Movement in the key macroeconomic indicators including foreign exchange, interest rate, and bond yields is to be determined by the decision of the Monetary Policy Committee (MPC) tomorrow.
The MPC is scheduled to meet for its 250 meeting today and tomorrow to review global and economic developments within the last two months in the Nigerian economy.
This is coming against the backdrop of sustained pressure on domestic output and elevated headwinds in the economy.
Key indicators in the economy continue to worsen on the back of prolonged FX supply bottlenecks, delayed budget implementation, petrol market crisis, dragging consumer spending and weaker corporate earnings.
“The recent policy pronouncement by the minster of state for petroleum resources on guided deregulation of the petrol market is expected to take the centre stage, given the impact on key monetary policy variables going forward,” Ayodeji Ebo, head, investment research, Afrinvest Securities Limited, said in a report.
At the parallel market last week, the naira appreciated on Monday by 1.4 percent to close at N355/$ as against the previous Friday level of N360/$. This trend continued all through the week as the currency depreciated continuously against the greenback before settling at N346/$ on Friday, implying a W-o-W appreciation of 4 percent.
“In our view, the market may have fully digested the news flow on the liberalization of downstream petroleum sector that fixed PPPRA exchange rate at N285/$ – the reason for which parallel FX rate depreciated by 10.3 percent in the previous week.

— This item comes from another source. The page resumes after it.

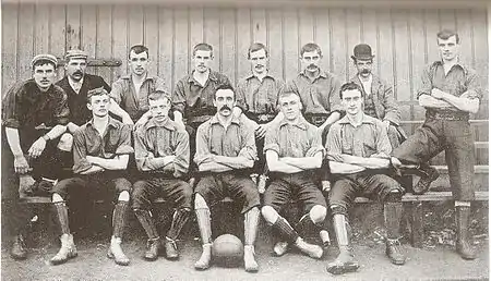 September 1893 was a perfect month for the "Valeites", achieving as they did seven wins out of seven games, scoring 30 goals in the process.[1] Although two of these came against whipping boys Northwich Victoria, they did take apart eventual runners-up Small Heath 5–0. However, this run came to an end with an 8–1 collapse at a highly physical Manchester City.[1] During this run, on 9 September 1893, Lewis Campbell became the first Vale player to score a hat-trick, and also four goals in one game, as his team brushed aside Walsall Town Swifts 5–0.[1]
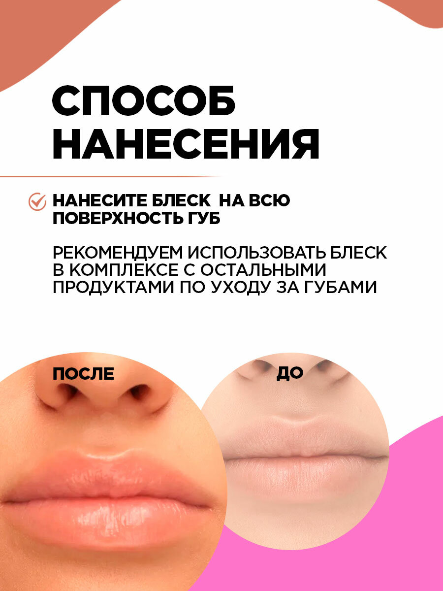 | Способ применения | наносите блеск аппликатором от середины губ к контуру. Для большего объема немного выйдите за границы верхней губы. Блеск можно использовать самостоятельно или наносить поверх помады |

We expect the parallel market rate movement in the coming week to be determined by the decision of the MPC,” Ebo said.
Ahead of the MPC meeting scheduled to begin today, sovereign bond yields have been on the rise as investors expect a possible upward re-pricing of the MPR on the back of the rising inflationary pressures.
Average bond yields last week settle at 13.4 percent with a steady rise in all trading days of the week. We noticed increased buying appetite for longer dated bonds with term to maturity of three years and above as bond yields (excluding August 2016, April 2017 and July 2017) currently converge around 14 percent.